## HOW TO COMPLETE THIS TASK
Copy out every line of the material below, character for character, apart from the pictures.

## DATA
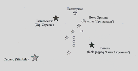 Словно окрашенная в кровь архаров красная звезда Бетельгейзе, находящаяся рядом с Поясом Ориона, называется казахами Oq, букв. ‘стрела’. Другая яркая звезда – Ригель, расположенная ниже Перевясла, именуется “Серым кремнем Когалдая” (рис. 3). Вероятно, альфа созвездия Большого Пса – Сириус представляет собой воплощение образов мифического охотника-богатыря, поразившего одной стрелой трех диких животных, и его лошади. Следует отметить, что этот замечательный персонаж встречается в фольклоре ряда этносов Северной Евразии. Поднявшись от горных вершин в звездное небо, пораженные стрелой (пулей) рогатые звери продолжают свой неутомимый бег. Их вечно преследует Небесный всадник со своими собаками, которые превратились в созвездия Большого и Малого Псов. У древних греков этот стрелок-великан получил имя по названию сочетания звезд – Орион, в армянской мифологии он известен как охотник и первопредок Хайк. Осетины почитали в сонме других божеств могучего небесного всадника Уастырджи (Уац Герги, букв. ‘Святой Георгий’).
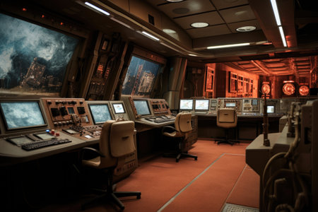 interior view of mars simulation habitat control room, created with generative ai
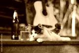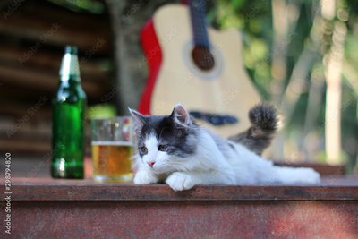 Beautiful cat sitting lonely on the balcony with a glass of beer and guitar background.
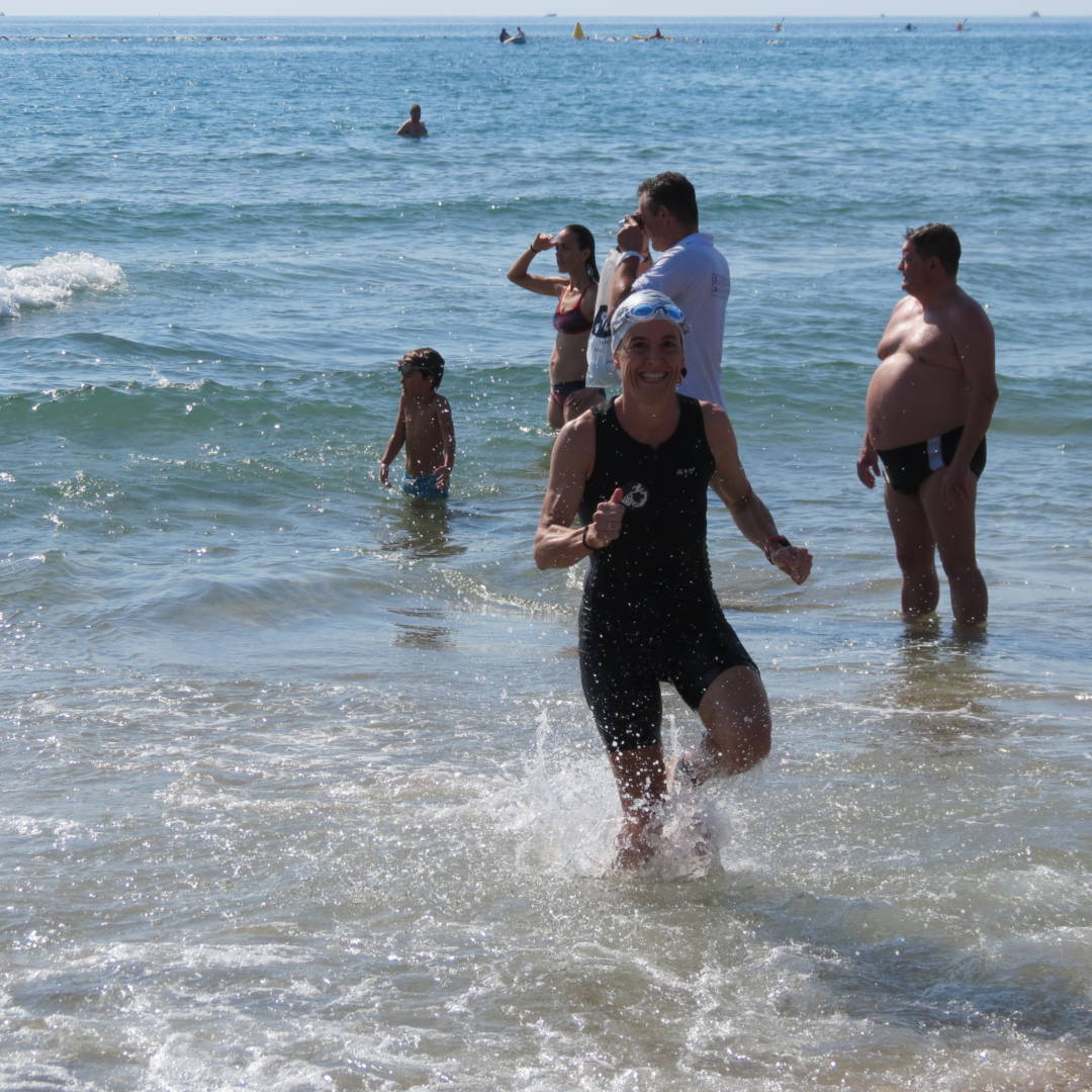 Lo mejor, no sentir la presión de tener que quedar obligatoriamente de las primeras. Era una presión distinta, de cómo superar mi propio crono, pero sin morir en el intento. Por cierto, me encantó la mar de Sagunto. Clarita, tranquila… Avanzamos también en el mar.

## WRITTEN RESPONSE
 Словно окрашенная в кровь архаров красная звезда Бетельгейзе, находящаяся рядом с Поясом Ориона, называется казахами Oq, букв. ‘стрела’. Другая яркая звезда – Ригель, расположенная ниже Перевясла, именуется “Серым кремнем Когалдая” (рис. 3). Вероятно, альфа созвездия Большого Пса – Сириус представляет собой воплощение образов мифического охотника-богатыря, поразившего одной стрелой трех диких животных, и его лошади. Следует отметить, что этот замечательный персонаж встречается в фольклоре ряда этносов Северной Евразии. Поднявшись от горных вершин в звездное небо, пораженные стрелой (пулей) рогатые звери продолжают свой неутомимый бег. Их вечно преследует Небесный всадник со своими собаками, которые превратились в созвездия Большого и Малого Псов. У древних греков этот стрелок-великан получил имя по названию сочетания звезд – Орион, в армянской мифологии он известен как охотник и первопредок Хайк. Осетины почитали в сонме других божеств могучего небесного всадника Уастырджи (Уац Герги, букв. ‘Святой Георгий’).
 interior view of mars simulation habitat control room, created with generative ai
 Beautiful cat sitting lonely on the balcony with a glass of beer and guitar background.
 Lo mejor, no sentir la presión de tener que quedar obligatoriamente de las primeras. Era una presión distinta, de cómo superar mi propio crono, pero sin morir en el intento. Por cierto, me encantó la mar de Sagunto. Clarita, tranquila… Avanzamos también en el mar.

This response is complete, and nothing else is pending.